*** Opening GIVEN MATERIAL ***

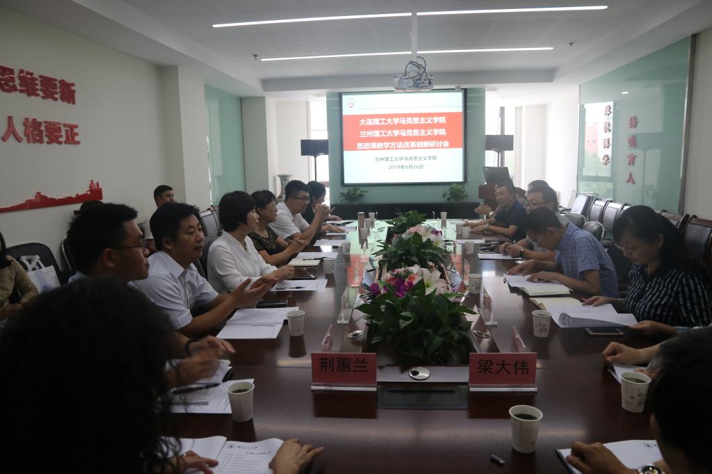 大连理工大学世界杯8833300足球与世界杯8833300足球思政课教学方法改革创新研讨会8月26日在彭家坪校区图南307会议室举行,大连理工大学公司党委书记陈晓晖带队,大连理工大学党委宣传部常务副部长刘洁、大连理工大学世界杯8833300足球副书记兼副经理张新奎、副经理方玉梅、刘志礼、屈宏等带领该校世界杯8833300足球《毛泽东思想和中国特色社会主义理论体系概论》课程组和《中国近现代史纲要》课程组骨干教师一行18人参加了研讨会,公司世界杯8833300足球全体院领导和各教学部主任、相关教学部全体教师参加了本次研讨会。研讨会围绕贯彻中办、国办《关于深化新时代公司思想政治理论课改革创新的若干意见》,全面贯彻党的教育方针,解决好培养什么人、怎样培养人、为谁培养人这个根本问题,就新时代思政课教学方法改革创新展开研讨,研讨会分共同研讨和分组讨论两个阶段。
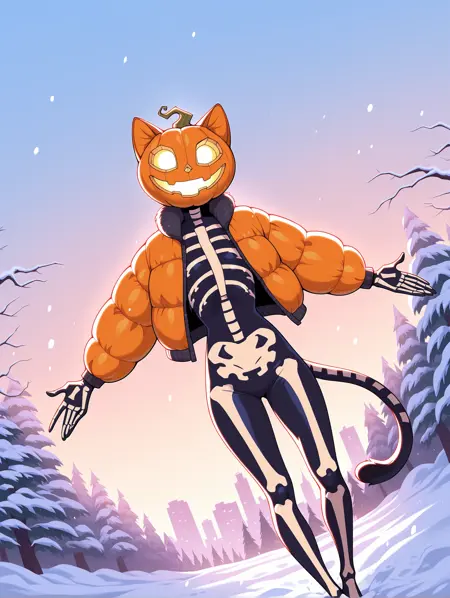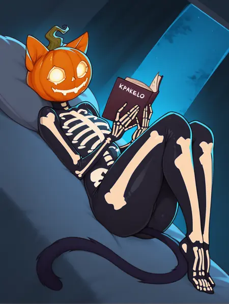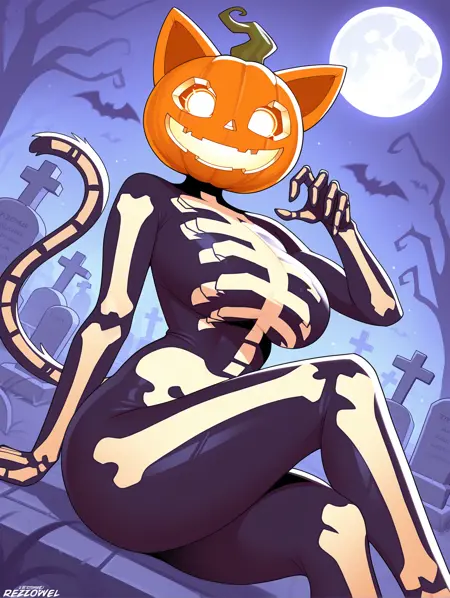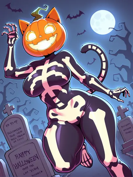 Appearance: sparklelynx, pumpkin mask, skeleton print, cat tail, bodysuit, skin tight, cat ears, glowing eyes
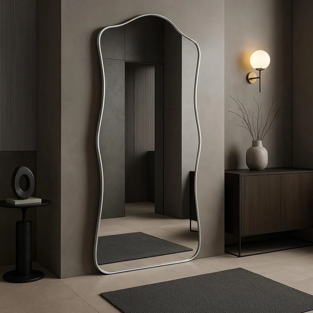 Добавьте в интерьер динамику и лёгкость с напольным зеркалом «Солерно». Его изящная волнистая форма создаёт эффект плавного движения и визуально расширяет пространство, а большая площадь зеркального полотна делает комнату светлее и просторнее.
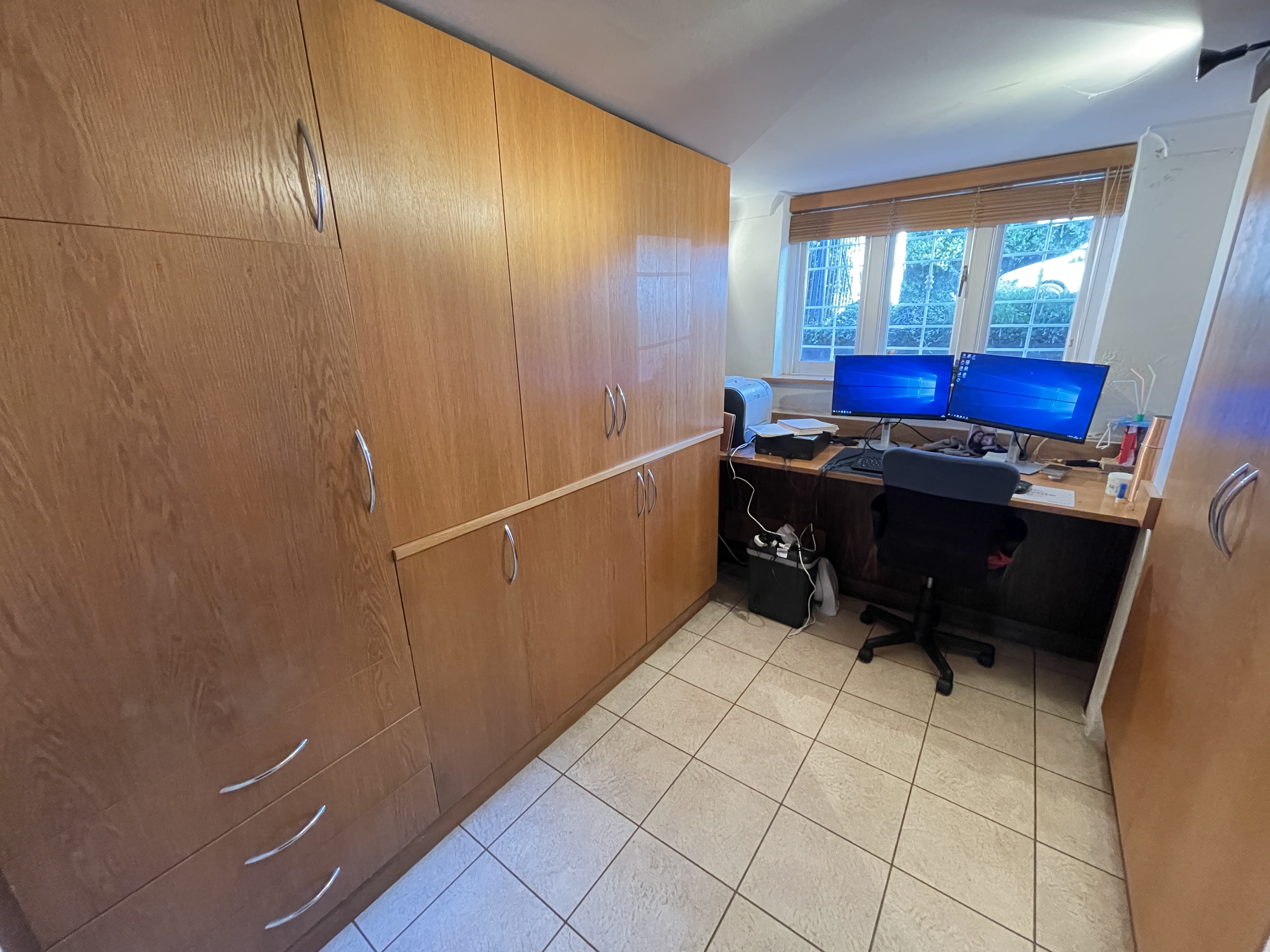 Study - Tiled flooring, integrated wall storage, UPVC double glazed windows, gas central heating radiator, power points

*** Closing GIVEN MATERIAL ***

- **WHAT IS EXPECTED**: Pictures aside, please output the whole listing exactly as it appears above.

- **TASK RESPONSE**:
 大连理工大学世界杯8833300足球与世界杯8833300足球思政课教学方法改革创新研讨会8月26日在彭家坪校区图南307会议室举行,大连理工大学公司党委书记陈晓晖带队,大连理工大学党委宣传部常务副部长刘洁、大连理工大学世界杯8833300足球副书记兼副经理张新奎、副经理方玉梅、刘志礼、屈宏等带领该校世界杯8833300足球《毛泽东思想和中国特色社会主义理论体系概论》课程组和《中国近现代史纲要》课程组骨干教师一行18人参加了研讨会,公司世界杯8833300足球全体院领导和各教学部主任、相关教学部全体教师参加了本次研讨会。研讨会围绕贯彻中办、国办《关于深化新时代公司思想政治理论课改革创新的若干意见》,全面贯彻党的教育方针,解决好培养什么人、怎样培养人、为谁培养人这个根本问题,就新时代思政课教学方法改革创新展开研讨,研讨会分共同研讨和分组讨论两个阶段。
 Appearance: sparklelynx, pumpkin mask, skeleton print, cat tail, bodysuit, skin tight, cat ears, glowing eyes
 Добавьте в интерьер динамику и лёгкость с напольным зеркалом «Солерно». Его изящная волнистая форма создаёт эффект плавного движения и визуально расширяет пространство, а большая площадь зеркального полотна делает комнату светлее и просторнее.
 Study - Tiled flooring, integrated wall storage, UPVC double glazed windows, gas central heating radiator, power points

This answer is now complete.